The building comprises two stacked, diagonally-staggered, concrete volumes.
"The house is an exploration of diagonal space within an orthogonal form and the possibilities of integrating environmental concerns at a fundamental level," says Diarmaid Brophy of FLK.
"A concrete tube provides the structural and spatial organisation and encloses the public areas of the house," Brophy continues. "Divided by joinery elements, the tube of space is twisted between ground and first floor to allow a relationship to the garden and daylight from above."
Interior surfaces are made of sandblasted concrete and timber.
Photographs by Verena Hilgenfeld.
Here's some more information from FLK:
This house, a home for a family of five is an exploration of the possibilities of integrating environmental concerns at a fundamental level within a contemporary idiom.
The site was chosen for its proximity to schools, local shops, recycling facilities and work, allowing a daily life independent of the car or public transport. Located on a mews lane in Rathmines it is sufficiently large to support a family over a lifetime.
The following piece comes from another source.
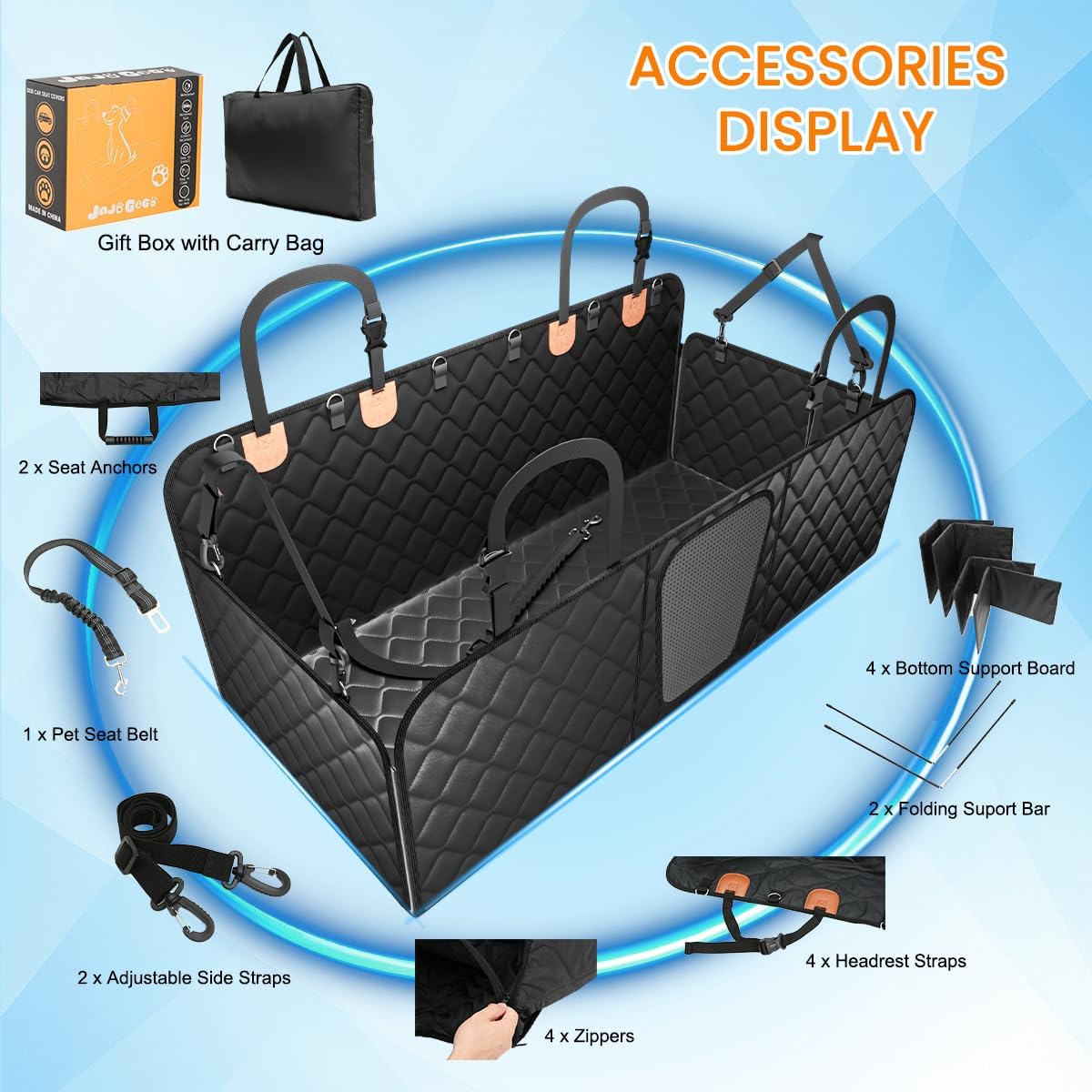 [Versatile D-Ring Attachment System] – This dog backseat cover innovative D-ring hooks replace traditional storage, letting you customize your setup with accessories like our specialized dog treat pouches (available at JOJOGOGO store). This smart upgrade makes it the most adaptable car seat cover for pet owners’ unique travel needs.

The former back garden of a two storey over garden level Victorian terraced house, it is accessed from a lane to the south with the garden to the north.
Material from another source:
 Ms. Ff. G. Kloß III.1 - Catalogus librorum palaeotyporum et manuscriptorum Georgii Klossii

Concerns of establishing a relationship with the garden and maximising daylight penetration in a North facing building where East & West facades are blank, dictated the organisation of family rooms at ground and first floor connected by a narrow void. This layout is expressed architecturally as a “slipped tube” of space, coded materially in sandblasted concrete, stratified from front to rear, divided programmatically with joinery boxes. A strong visual and spatial connection is established between the kitchen/dining room at ground level and the study on the first floor capitalising on day lighting and glimpsed views.
This move creates diagonal visual relationships that extend spatial awareness to the limits of the depth, breadth and length of the house. Arranged around this conceptually manipulated tube, are the less public rooms: garage, utility room and WC at ground level and children’s bedrooms and bathroom at first floor.
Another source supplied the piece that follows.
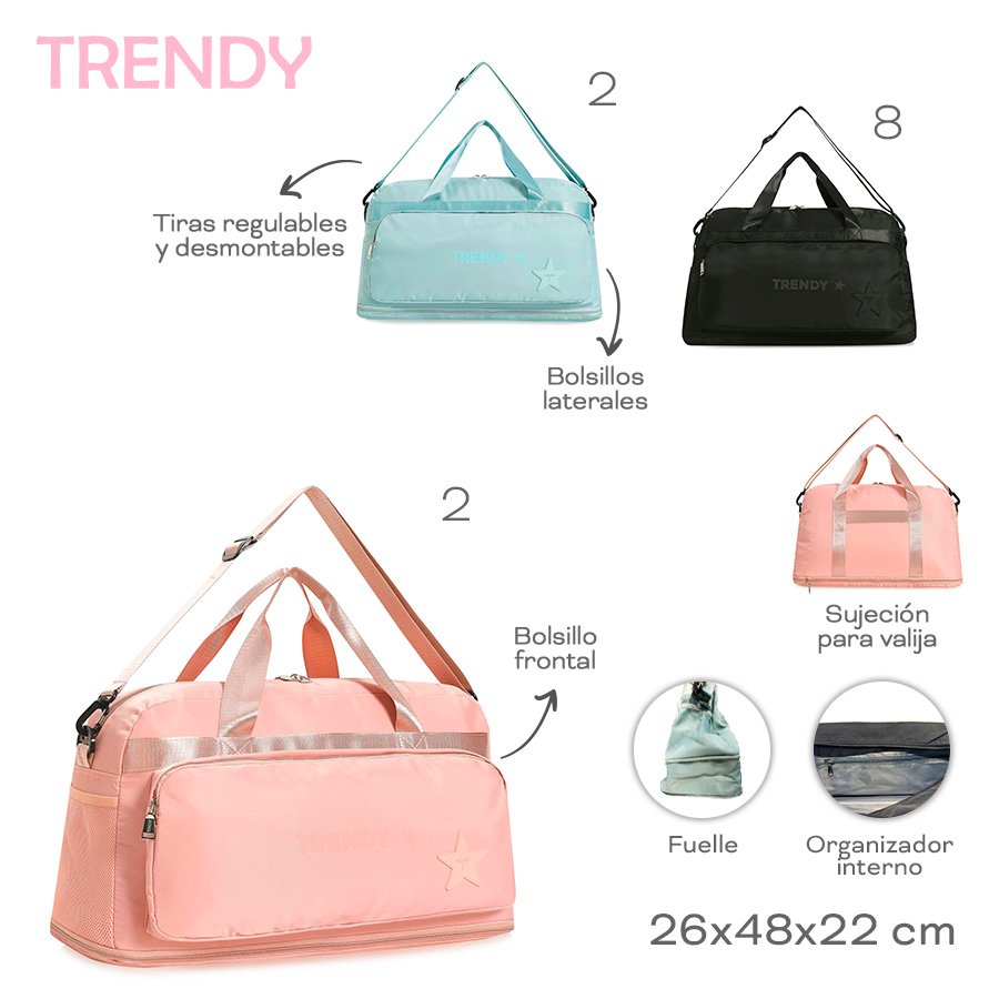 18574 – Bolso Trendy +INFO+FOTOS Info: Bol frontal, lats, org int, suj p valij, fuelle, tir desmnt Composición: Nylon Alto: 26cm Ancho: 48cm Profundidad: 22cm

A transverse shift in section, across the plan pushes the children’s bedrooms up by 300mm to allow daylight from the Study on the west at first floor to pass through to the dining room and kitchen to the east at ground floor. This shift gives additional height to study and kitchen and more modest scale for private areas without increasing the overall scale of the building. A set back at first floor to the rear maintains separation from the houses to the rear and increases the amount of daylight to the garden.
The layout allows for an independent or guest bedroom suite at ground level and gives flexibility to accommodate change in family circumstances. The modest garden will provide space to grow vegetables and fruit while the roofs are covered in sedum to replace the building footprint.
The exterior in common with its neighbours is restrained, choosing a formal expression of the relationships between internal spaces and elevation. Windows are floor to ceiling drawing on the Georgian tradition, allowing daylight to penetrate deep into the plan. Set within a tight urban context of protected structures, the relationship with external spaces is not founded on an expectation of privacy externally but on diagonal relationships that extend the perspective to distant views and provided a backdrop to the internal activity.
The concrete exposed internally is sandblasted to accentuate the liquid nature of the material and to record the process of construction. The front and rear elevations are vented rain screen facades clad with TRESPA from William Cox, a wood based cladding panel chosen for it’s environmental credentials. These facades are supported on independent laminated timber framing -from sustainable managed sources- with all opening sections clad with TRESPA and lined with TriIso multifoil insulation to maintain the u-value of the façade. The Ironmongery from ADA is manufactured by Olivari from Bio Chrome an environmentally aware stainless steel.
A negotiated tendering process allowed a constructive dialogue between the design team and a committed and proactive contractor which translated into viable and cost effective materials and detailing incorporating environmental concerns from design through to construction.